I’m reminded of an old interview with Ringo Starr who said that when he joined the Beatles he hoped that, if the band were successful, he would earn enough to be able to invest in two or three hair dressing salons to secure his future.
If Shakespeare could have earned a steady income from his plays — or even become wealthy, given the popularity of those plays — it would have made more sense for him to invest his time and effort in creating more plays, rather than dealing in grain.
So, while creativity existed before copyright, it seems to have been much more limited. One of the features of the copyright era (post 1709) is the explosion in creative works appearing compared to what came before.
Thanks, Zoran. Based on what record there is, Shakespeare’s primary income did come from playwriting, but you’re right that this income was due to his partnership in the Lord Chamberlain’s Men. It is estimated that the going price for a play was about £6, but the plays were owned by the theater companies. Shakespeare’s stake in the company ranged between 1/14th and 1/10th at various times, according to Bryson. I don’t know that there is any record of other theater companies performing Shakespeare’s plays, and this would be somewhat inconsistent with the way in which those companies produced and competed with one another. They kept active repertoires of about 30 plays in their heads, and the companies’ ownership stake in the plays themselves was likely enforceable through the Master of Revels. It’s possible that there was theater “piracy” afoot, though it seems it would be fairly insubstantial and potentially dangerous to the point of being fatal.
With his theater earnings, Shakespeare made some fairly shrewd investments, including a substantial one in grain tithes in 1605. These investments likely yielded more money than he earned from theater, but I don’t believe there is any record that he was actually a merchant. In particular, the period from 1605 until is death in 1616 were years when he wrote a substantial portion of his work. Overall, Shakespeare died fairly prosperous for a commoner, though downright poor compared to the nobility.
It is reasonable to assume that a talent like Shakespeare, left solely to invest in his writing, would produce even more volume and diversity. That is, of course, part of the point of this post. It’s meaningless when copyright critics declare that creativity existed before copyright. Creativity existed before free speech, too. Is anyone in the free world going to argue that creative works were “better” as a result?

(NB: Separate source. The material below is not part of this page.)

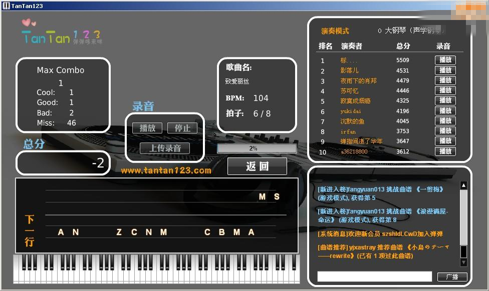 注意:如果要記錄得分和排行,需要演奏前在網(wǎng)站首頁登錄。登錄之后新打開的曲譜,在網(wǎng)頁和客戶端中演奏都可以記錄得分、挑戰(zhàn)排行了。
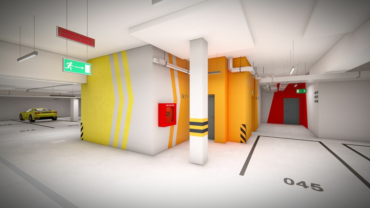 * Przestronna hala garażowa o wysokości min. 2,20 m z miejscami pojedynczymi i zależnymi oraz dodatkowymi boksami np. na motocykle, z możliwością zabudowania,

Shakespeare’s patron was Henry Carey, 1st Baron Hunsdon:
https://en.wikipedia.org/wiki/Henry_Carey,_1st_Baron_Hunsdon
and the history plays were written to satisfy court propaganda and justify the Tudor dynasty. How much more was prescribed by the political patronage is unknown, but Shakespeare was not free to write as he may have wished.
He certainly was not free to write anything he wished. Although, the history plays were produced with respect to the boundaries of the pleasure of the court, I don’t think it would be accurate to describe them as akin to commissions by the court for propaganda purposes. One production of Richard II, commanded by Essex on the eve of his attempt to depose Elizabeth, got the company briefly investigated for their “role” in the plot. And Shakespeare did collaborate on a play about Sir Thomas More, which might have been abandoned for political reasons, but that he approached the material all is informative.